Woodward: Everyone is shaped by their pasts. It’s inevitable. But you have a choice in how you let that influence you, and what kinds of choices you make because of it. A lot of my characters make really bad choices because of their pasts. They are terrible role models 😉
The Workprint: Towards the end of the story we discover a very important detail about John’s past that is total a game changer. Was that something you had always planned while you were writing his character?
Woodward: Oh man…how much can I say here without getting spoilery? The gist of it is, yes, it was planned. Some of the details got changed during my writing process, but I knew the general direction very early on.
The Workprint: Amara was also another fascinating character and I would love to know more about her! Are there any interesting details you could share that weren’t in the book?
Woodward: Amara is thousands of years old. Angels and demons arrived on Earth very early in humanity’s existence, and she’s been kicking around since then. I think, once upon a time, Amara would have been a lot more impetuous than she is in The Demon Within, and probably a lot more hedonistic and fun. But she’s shaped by tragedy, and was driven by anger and vengeance for a lot of years. By the time you meet her in The Demon Within, the years have taken their toll. She’s had a lot of time to think about the things she’s done, and she has a lot of regrets.
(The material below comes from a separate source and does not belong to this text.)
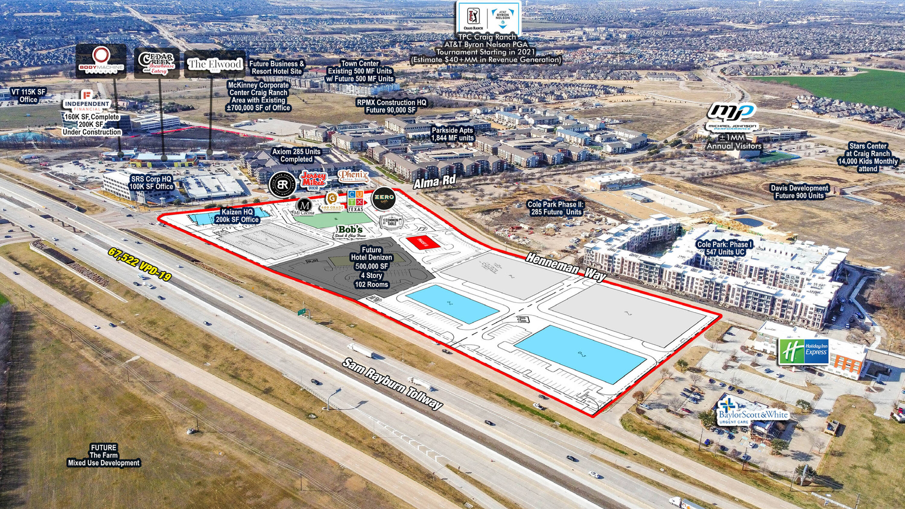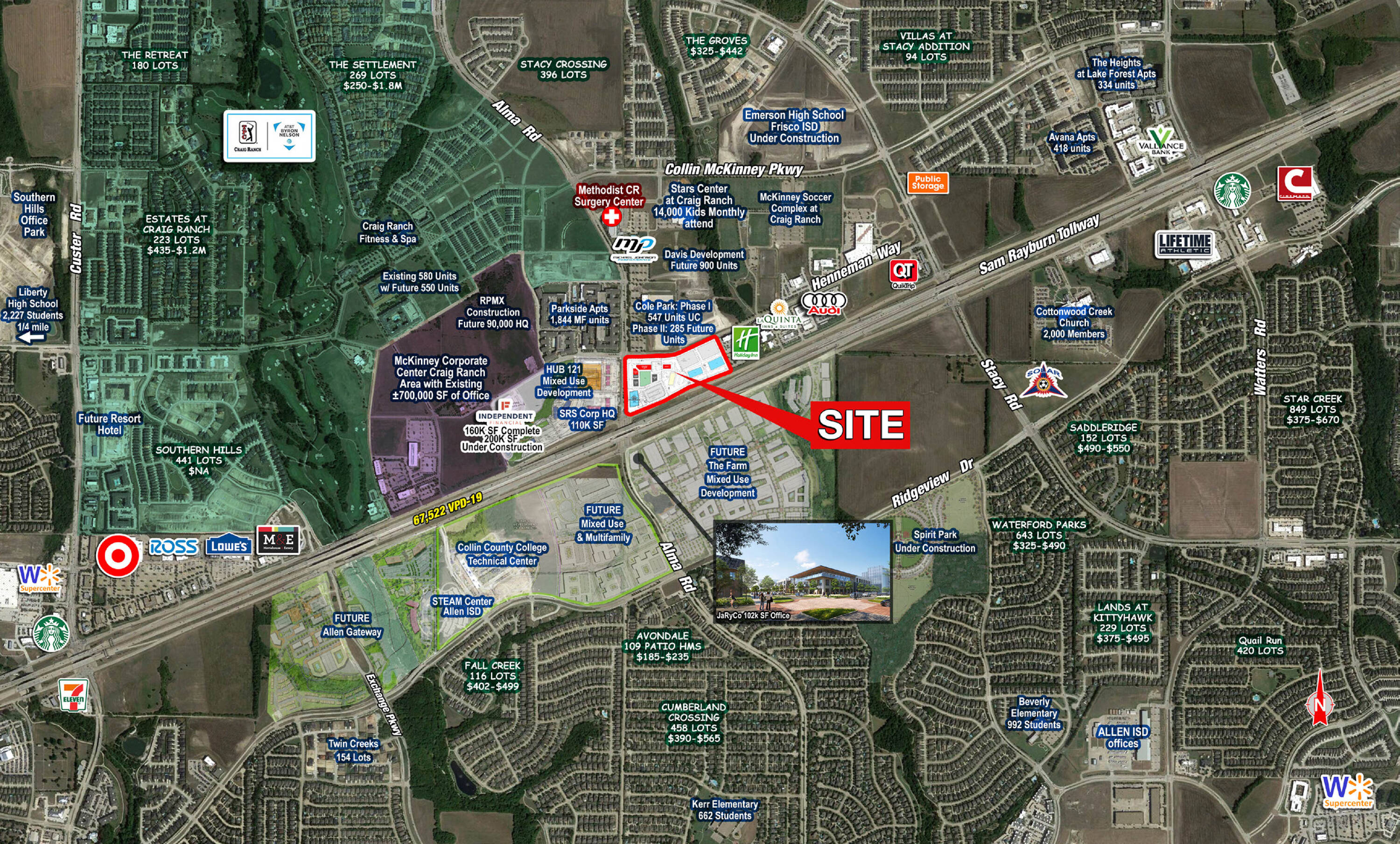 This property features: Located in the rapidly developing "Blue Diamond Corridor", one of the most desirable markets in the metroplex.; Focal destination for dining/entertainment in a robust sector.; Adjacent to the 2,200‑acre Craig Ranch master‑planned development.

The Workprint: What were the most difficult and the most fun scenes to write?
Woodward: The most difficult were the middle scenes in the book with Isaac at Funland Amusement Park. I pretty much gutted and rewrote the middle of the book twice, and I just could not figure out how to keep the amusement part scenes from being draggy. I thought about killing the sequence altogether. But I think it worked out well in the end, and Isaac ended up being one of my favorite characters in the story. (The character wasn’t even in the first draft, but I love him so much. The evolution of that character was really one of my favorite parts of writing the story.)
The most fun scene to write, easily, was the scene down in the abandoned City Hall Subway Station. First of all, I really love abandoned places, and some of those old New York subway stations are beautiful, so I loved doing the digging to find pictures of what it looks like now. I even rode the 6 train around the loop at the downtown end of the line to see it through the window when I was visiting the city. (Do this, if you have a chance, because it’s awesome.) Plus, I got to write about cool things like jumping off of subway cars and being flayed by mechanical spiders. It was awesome!
The Workprint: Lastly I read that you are a fellow Doctor Who fan! Who would you say is your Doctor?
Woodward: The 10th Doctor or the 12th Doctor. David Tennant is definitely cuter, and he’d be the one more likely to inspire me to run through time and space in a phone box, but Capaldi broke my heart so many times with his performance. He really grew into that character and made it his own.
Thank you for the chat Beth! I am now itching to read Embracing the Demon.